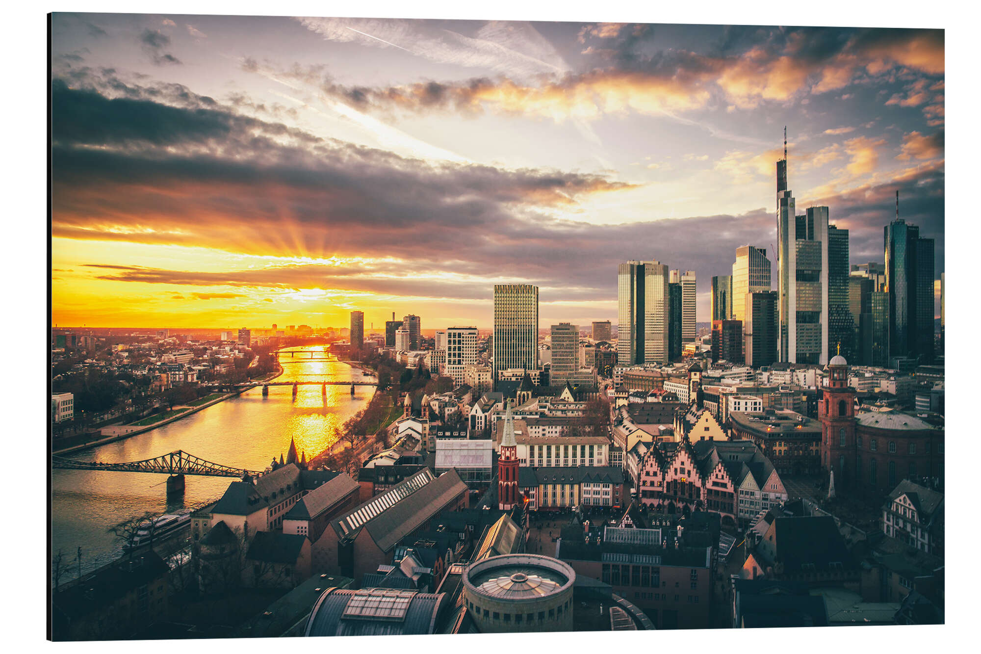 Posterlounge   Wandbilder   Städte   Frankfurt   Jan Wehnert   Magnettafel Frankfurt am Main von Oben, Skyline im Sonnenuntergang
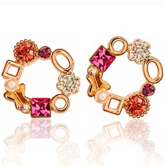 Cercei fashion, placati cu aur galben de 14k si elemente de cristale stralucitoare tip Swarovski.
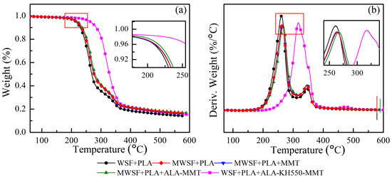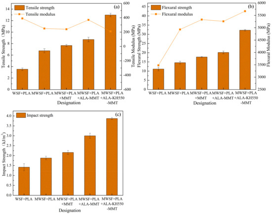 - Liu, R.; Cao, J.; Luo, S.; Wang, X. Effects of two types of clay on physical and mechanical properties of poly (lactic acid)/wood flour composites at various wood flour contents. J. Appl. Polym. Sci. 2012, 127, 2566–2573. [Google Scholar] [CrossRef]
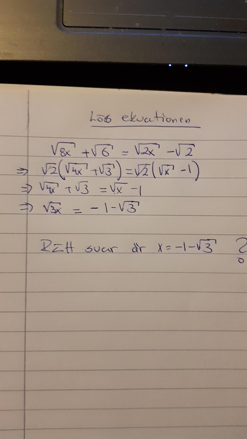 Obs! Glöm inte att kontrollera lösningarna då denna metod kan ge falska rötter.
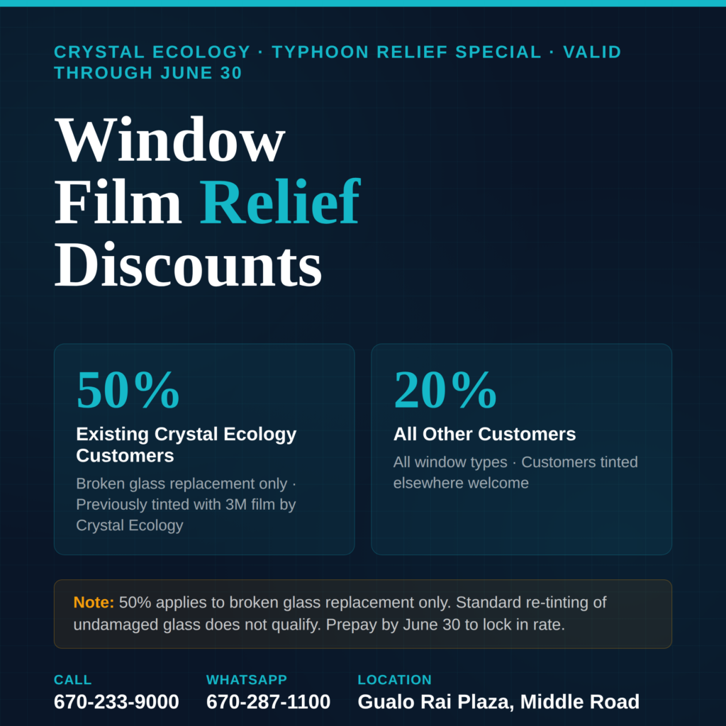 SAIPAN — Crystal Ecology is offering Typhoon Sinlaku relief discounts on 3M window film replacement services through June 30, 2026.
━━━━━━━━━━━━━━━━━━━━━━━━━━━━━━
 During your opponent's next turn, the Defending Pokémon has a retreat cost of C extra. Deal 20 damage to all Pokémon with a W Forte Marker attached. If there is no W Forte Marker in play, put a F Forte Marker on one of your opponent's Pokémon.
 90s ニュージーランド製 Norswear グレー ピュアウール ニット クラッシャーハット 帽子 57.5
━━━━━━━━━━━━━━━━━━━━━━━━━━━━━━
| Exercise |
Among the entries above, locate the line with "Posterlounge   Wandbilder" and the line with "SAIPAN — Crystal". Give those two lines and all lines between them again, exactly, leaving out the pictures.

| The answer |
 Posterlounge   Wandbilder   Städte   Frankfurt   Jan Wehnert   Magnettafel Frankfurt am Main von Oben, Skyline im Sonnenuntergang
 Cercei fashion, placati cu aur galben de 14k si elemente de cristale stralucitoare tip Swarovski.
 - Liu, R.; Cao, J.; Luo, S.; Wang, X. Effects of two types of clay on physical and mechanical properties of poly (lactic acid)/wood flour composites at various wood flour contents. J. Appl. Polym. Sci. 2012, 127, 2566–2573. [Google Scholar] [CrossRef]
 Obs! Glöm inte att kontrollera lösningarna då denna metod kan ge falska rötter.
 SAIPAN — Crystal Ecology is offering Typhoon Sinlaku relief discounts on 3M window film replacement services through June 30, 2026.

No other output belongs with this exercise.